Westhulme Hospital, formerly known as Westhulme Fever Hospital, was an institution in Oldham, England. At one time a hospital for infectious diseases, it later became a site used by several health-related organisations.

== History ==
Westhulme Hospital was one of several isolation hospitals established in Lancashire during the 1870s as a response to smallpox epidemics prevalent in the region at that time. Opening in 1878, it was larger and more suited to treating a range of infectious diseases than some other examples, such as those at Blackpool and Blackburn. It initially comprised three eight-bed wards and three single-bed rooms in wooden buildings. Scarlet fever cases were a substantial proportion of its early intake and in 1880, coinciding with the introduction of local legislation making notification of infectious diseases compulsory, it was decided to create more permanent structures. The new buildings attracted 13,000 people visiting as viewers. Following initial suspicions concerning its function, the hospital catered for patients from a wide demographic, including mothers with children, tradespeople and paupers.

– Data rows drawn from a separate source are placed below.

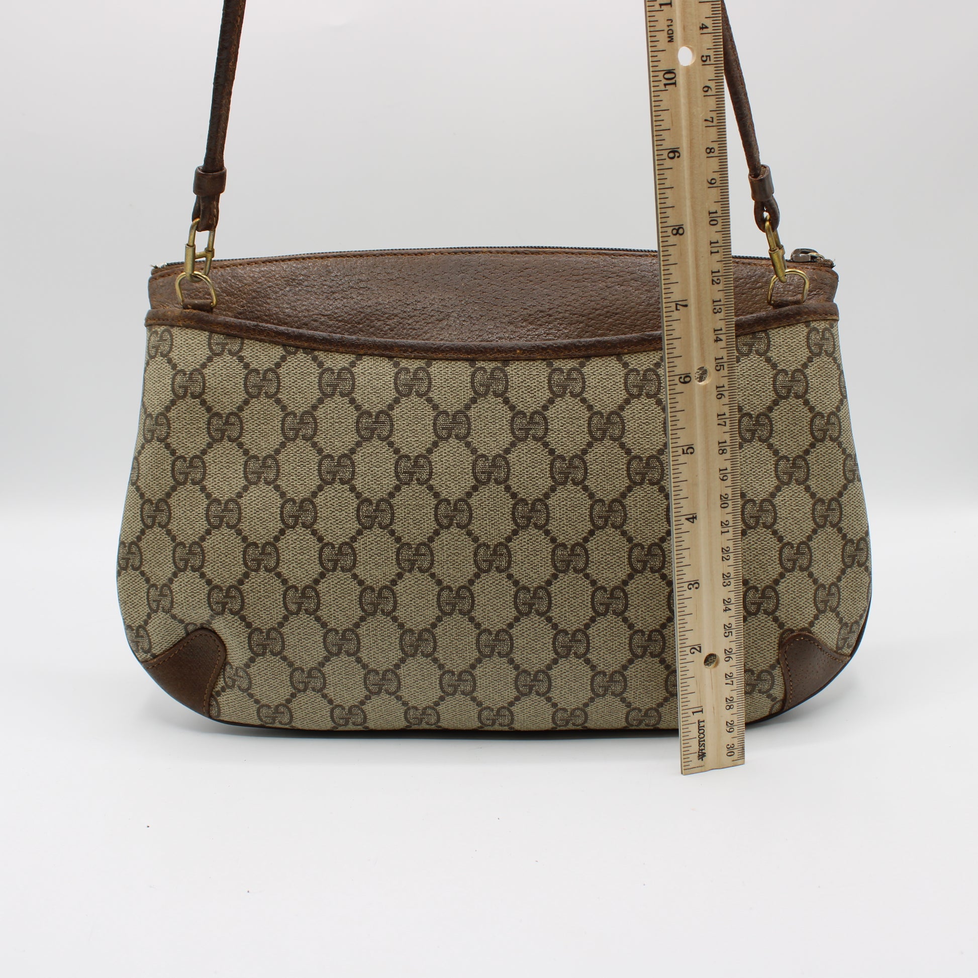 Measuring 12 inches in width by 8 inches in height, this crossbody bag is compact yet spacious, making it the ideal companion for casual outings or more refined occasions. Perfect for collectors or anyone looking for a unique vintage statement piece, this Gucci crossbody bag is available now in Boston. Don't miss the chance to own a piece of fashion history!
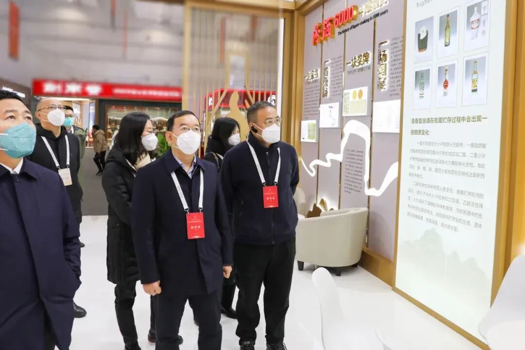 在巡馆过程中,李振寰、韩向宇一行来到汾酒展台前,详细了解了布展情况和陈列的商品信息,聆听了汾酒企业文化、工艺品质、产品展示等内容的讲解。
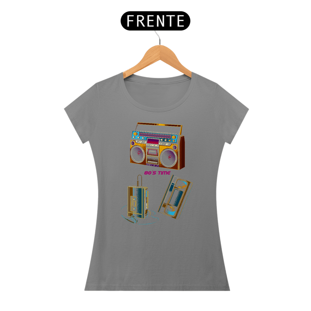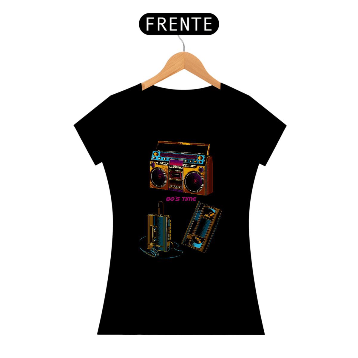 Se você esperava a locutora parar de falar para apertar REC, essa estampa é seu cartão de memória afetiva. O visual colorido reúne os gadgets que acompanharam posters de banda, meias arrastão e reuniões na porta da escola: boombox potente, walkman inseparável e uma VHS para registrar os clipes da madrugada.
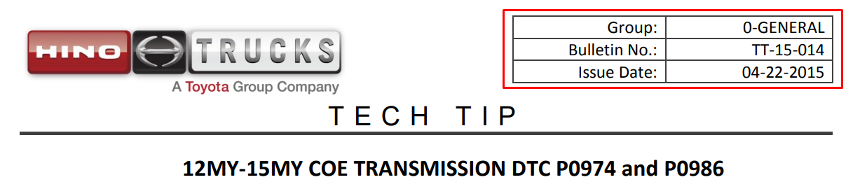 The transmission DTC’s P0974 and P0986, may be found on 12MY-15MY COE models. There could also be a
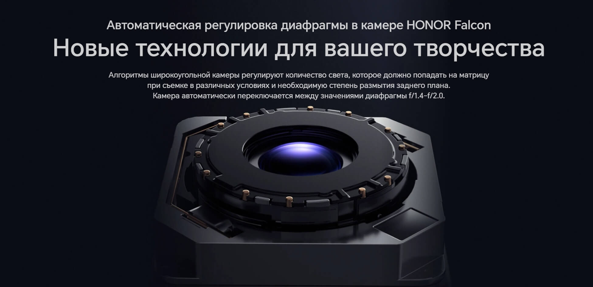 Камера HONOR Falcon снаружи — это фирменный элегантный дизайн с симметричным расположением элементов, а внутри — инновации инженеров, программистов и технологии искусственного интеллекта.
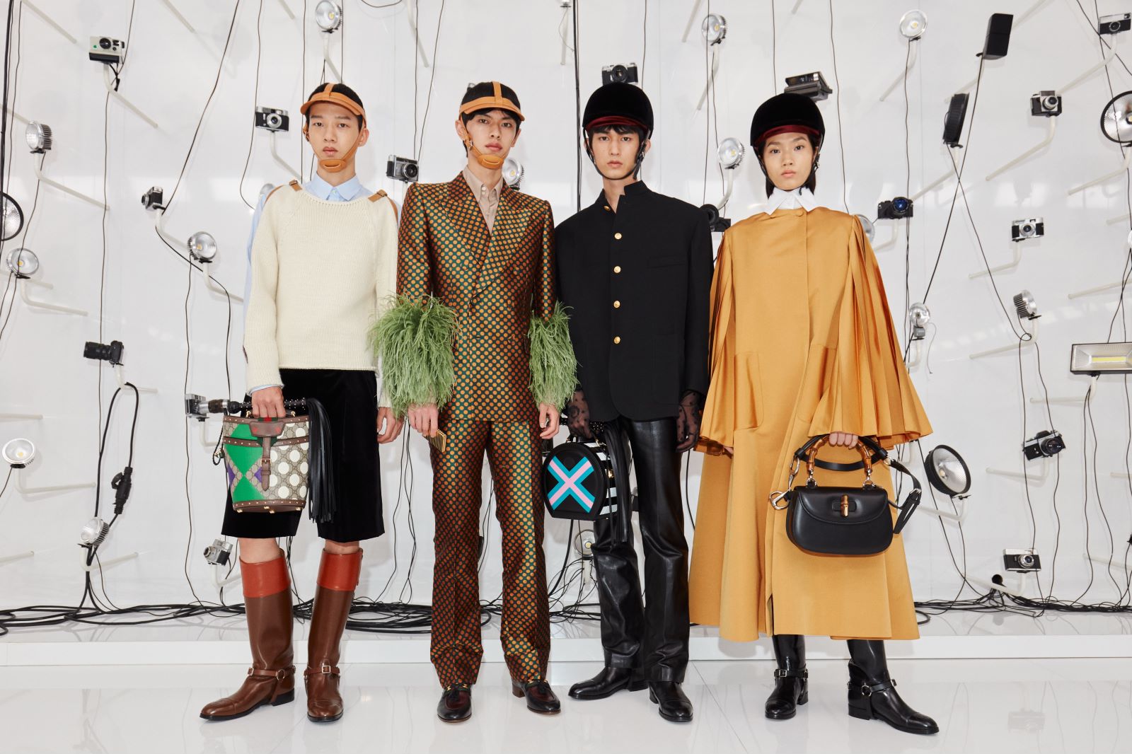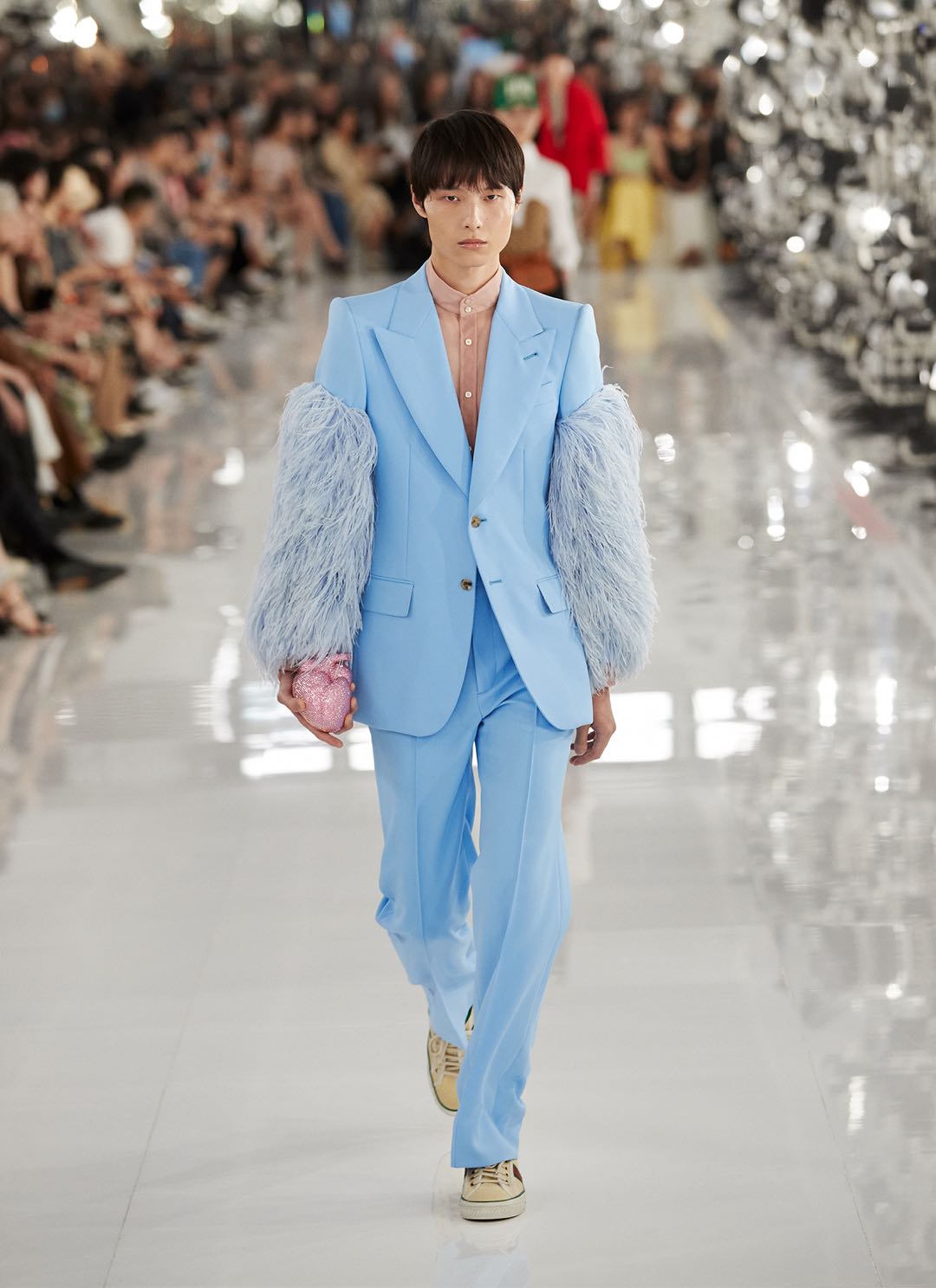“我虏攫了Demna Gvasalia的叛逆严谨和Tom Ford的性感张力,并潜心研究织物的光亮和闪耀之物的人类学意义”。Alessandro Michele在秀场笔记中写道,“此时此刻,我以反叛之举向传承致以尊崇之意。因生生不息的应许只有通过不断的进化才能更新”。
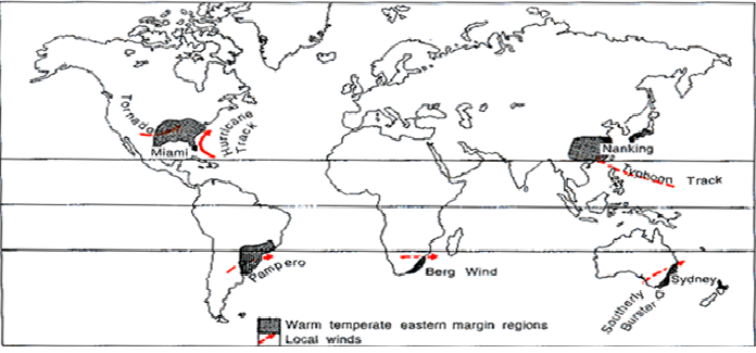 Heavy rainfall is recorded in areas where cyclones are frequent

A substantial portion of its area was subsumed in the 1980s when the Chadderton Way road was built and the hospital itself closed in around 1990.

In 2006, the Pennine Acute Hospitals NHS Trust announced that it was to sell the site, which at that time housed its offices, to alleviate a £28m debt crisis. The 284 staff on the site were to be redeployed among the Trust's other hospital sites. In 2012, after 135 years, it was reported that outline planning permission was in place for development of the remainder for housing purposes, although one potential alternative was for it to be used for car park facilities serving the Royal Oldham Hospital. The site was subsequently developed as an Audi car dealership for Jardine Motors Group, which opened in 2017.

== Notable people ==
Notable people associated with the hospital included James Niven who was superintendent there in the 1880s.